### INSTRUCTIONS TO FOLLOW
From the material below, please set down exactly the lines starting with the one with "Evansville Courier photographer" and going on through the one with "Experience the versatility", without a single picture.

### INPUT RECORDS
******

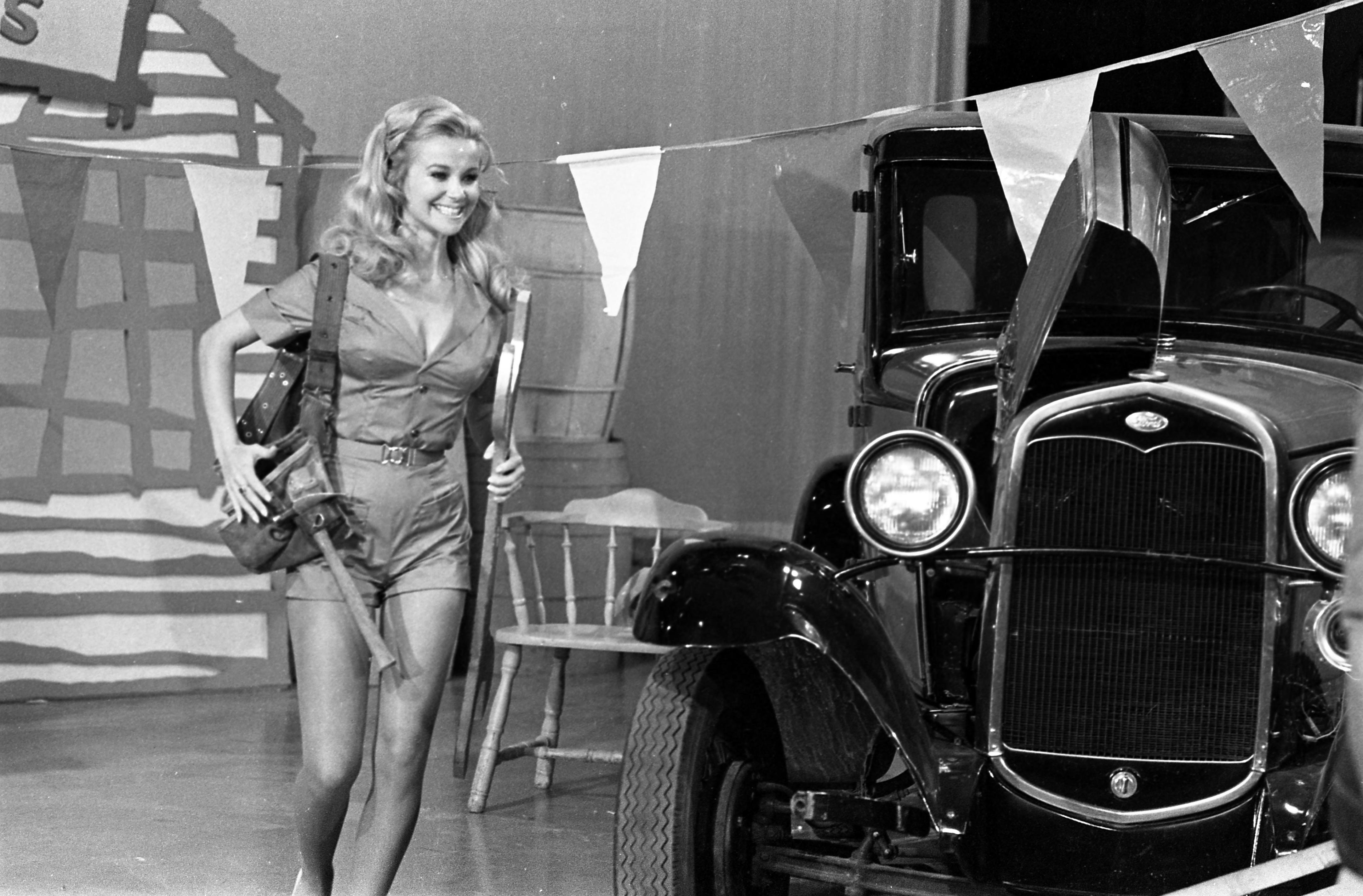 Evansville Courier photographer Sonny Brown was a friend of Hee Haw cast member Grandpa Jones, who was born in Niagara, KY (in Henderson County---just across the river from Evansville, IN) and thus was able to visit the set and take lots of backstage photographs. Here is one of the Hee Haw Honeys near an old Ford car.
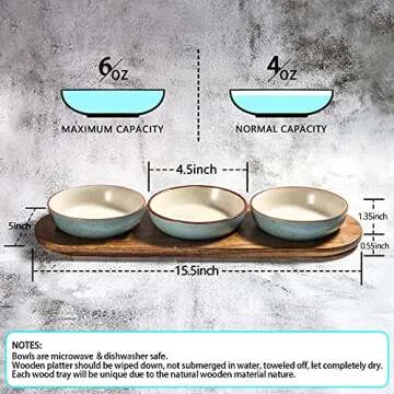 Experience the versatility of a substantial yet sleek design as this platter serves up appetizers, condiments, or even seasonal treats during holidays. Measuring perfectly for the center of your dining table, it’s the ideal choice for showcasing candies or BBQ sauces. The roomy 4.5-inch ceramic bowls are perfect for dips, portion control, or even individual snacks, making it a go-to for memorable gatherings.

******

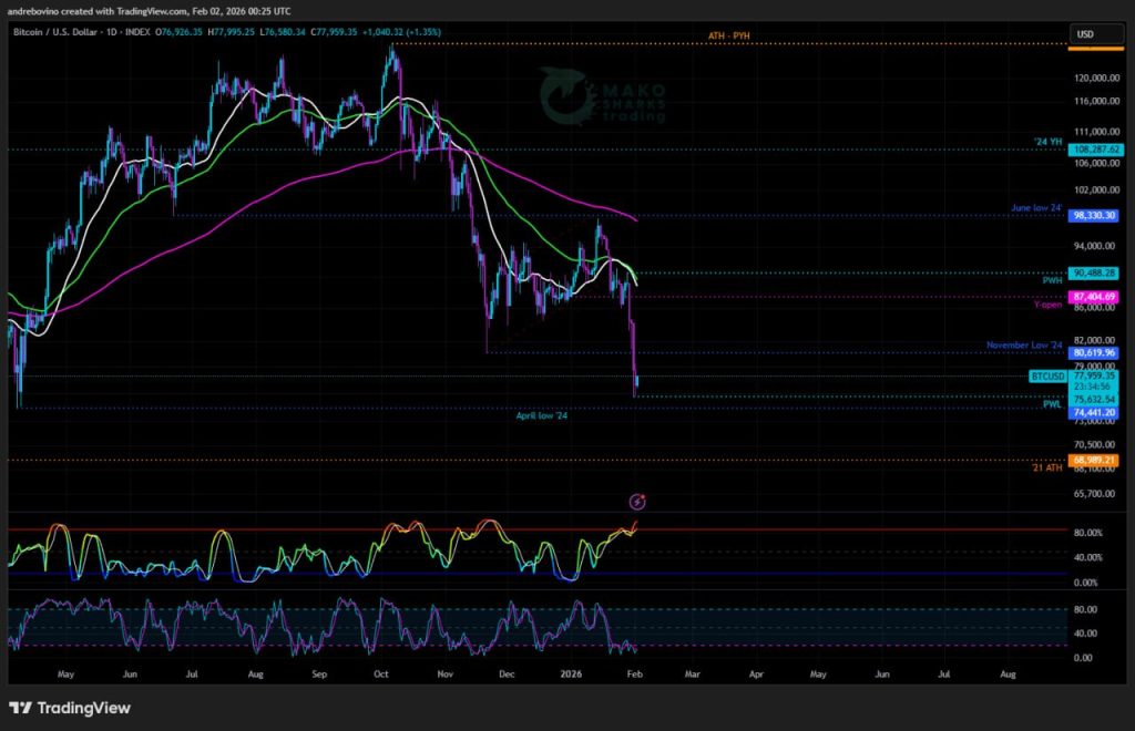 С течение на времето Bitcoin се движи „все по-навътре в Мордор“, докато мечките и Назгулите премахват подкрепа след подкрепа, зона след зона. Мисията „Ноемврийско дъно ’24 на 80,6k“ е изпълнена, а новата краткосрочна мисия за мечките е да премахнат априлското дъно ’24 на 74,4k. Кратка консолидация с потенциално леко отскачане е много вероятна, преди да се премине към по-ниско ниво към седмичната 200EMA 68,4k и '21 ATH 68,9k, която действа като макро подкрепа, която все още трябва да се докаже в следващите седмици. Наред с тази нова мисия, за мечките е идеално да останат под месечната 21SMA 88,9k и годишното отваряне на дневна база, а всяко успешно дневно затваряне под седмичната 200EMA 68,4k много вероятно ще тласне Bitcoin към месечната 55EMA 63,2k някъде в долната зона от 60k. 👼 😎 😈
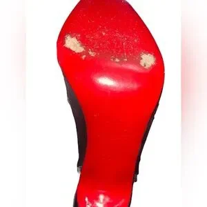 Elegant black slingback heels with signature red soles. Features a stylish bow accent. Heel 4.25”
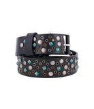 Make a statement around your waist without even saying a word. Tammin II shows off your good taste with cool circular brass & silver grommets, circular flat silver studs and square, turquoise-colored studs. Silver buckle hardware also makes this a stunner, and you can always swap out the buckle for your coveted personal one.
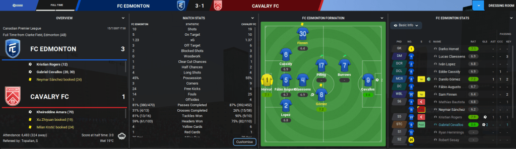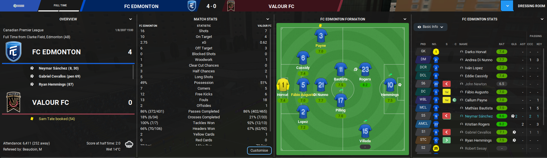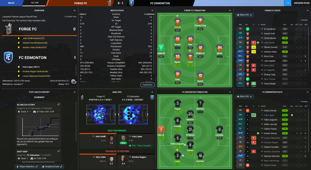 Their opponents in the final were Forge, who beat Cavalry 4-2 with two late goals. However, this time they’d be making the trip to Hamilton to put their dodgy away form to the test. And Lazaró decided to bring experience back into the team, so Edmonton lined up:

******

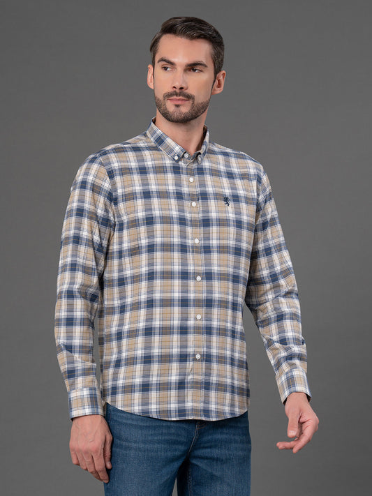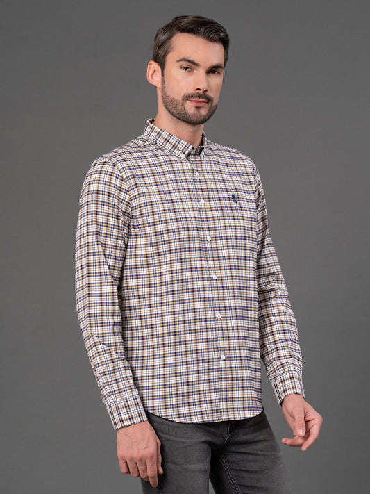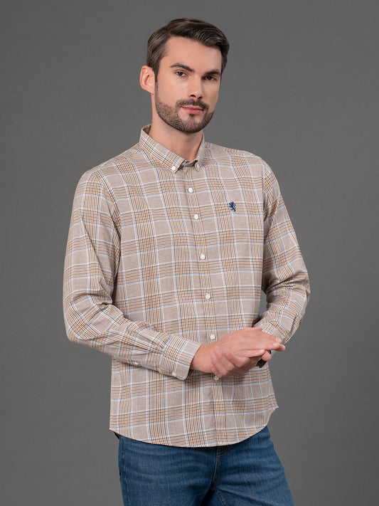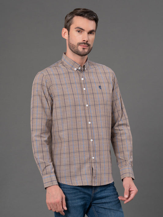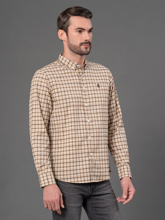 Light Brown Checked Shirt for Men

******

### OUTPUT OF THE TASK
 Evansville Courier photographer Sonny Brown was a friend of Hee Haw cast member Grandpa Jones, who was born in Niagara, KY (in Henderson County---just across the river from Evansville, IN) and thus was able to visit the set and take lots of backstage photographs. Here is one of the Hee Haw Honeys near an old Ford car.
 Experience the versatility of a substantial yet sleek design as this platter serves up appetizers, condiments, or even seasonal treats during holidays. Measuring perfectly for the center of your dining table, it’s the ideal choice for showcasing candies or BBQ sauces. The roomy 4.5-inch ceramic bowls are perfect for dips, portion control, or even individual snacks, making it a go-to for memorable gatherings.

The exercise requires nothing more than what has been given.